Sie habe aber nicht ihre eigenen Ansprüche an die Amtsführung zurückschrauben wollen. Deshalb habe sie in den vergangenen die Entscheidung getroffen, ihr Amt abzugeben. Die SPD-Fraktion habe sich einstimmig hinter Schweitzer als Nachfolger gestellt.
Dreyer wählt damit den gleichen Weg der Amtsübergabe wie ihr Vorgänger Kurt Beck (ebenfalls SPD). Dieser hatte im September 2012 überraschend seinen Rückzug angekündigt, im Januar war Malu Dreyer als Nachfolgerin gewählt worden. Beck, der seinerzeit wegen der Nürburgringpleite angeschlagen war, begründete seinen Schritt mit gesundheitlichen Problemen. Dreyer will ebenso wie seinerzeit Beck einem Nachfolger Zeit geben, sich vor der nächsten Wahl im Amt des Regierungschefs bekannt zu machen und zu profilieren.
Schweitzer gilt schon länger als Hoffnungsträger der Partei. Der 50-jährige Südpfälzer war sieben Jahre lang Fraktionschef der SPD im Landtag, seit 2021 ist er Arbeits- und Digitalminister in Dreyers Kabinett.

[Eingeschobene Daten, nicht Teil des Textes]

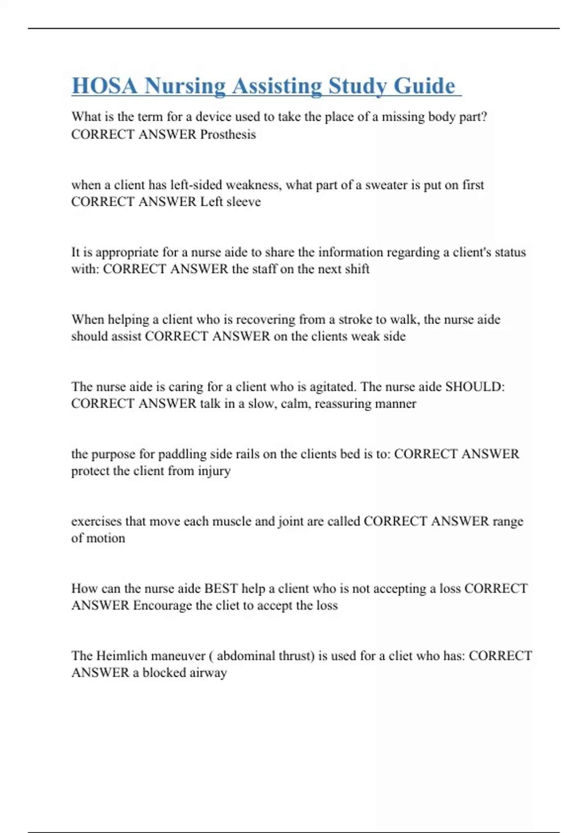 What is the term for a device used to take the place of a missing body part? CORRECT ANSWER Prosthesis when a client has left-sided weakness, what part of a sweater is put on first CORRECT ANSWER Left sleeve It is appropriate for a nurse aide to share the information regarding a client's status with: CORRECT ANSWER the staff on the next shift When helping a client who is recovering from a stroke to walk, the nurse aide should assist CORRECT ANSWER on the clients weak side The nurse aide is caring for a client who is agitated. The nurse aide SHOULD: CORRECT ANSWER talk in a slow, calm, reassuring manner the purpose for paddling side rails on the clients bed is to: CORRECT ANSWER protect the client from injury exercises that move each muscle and joint are called CORRECT ANSWER range of motion

Enttäuschung über jüngste Wahlergebnisse
Dreyer, die mit Vornamen eigentlich Marie-Luise heißt, gilt als sehr populär, mehrfach bewies sie in ihrer politischen Laufbahn Durchsetzungsvermögen. Derzeit sind nur der baden-württembergische Ministerpräsident Winfried Kretschmann (Grüne) und Reiner Haseloff (CDU) in Sachsen-Anhalt länger im Amt. 2016 gewann sie die Landtagswahl nach einem fulminanten Endspurt gegen CDU-Herausforderin Julia Klöckner. Zuletzt wurde sie im Mai 2021 wiedergewählt. Sie regiert zusammen mit den Grünen und der FDP.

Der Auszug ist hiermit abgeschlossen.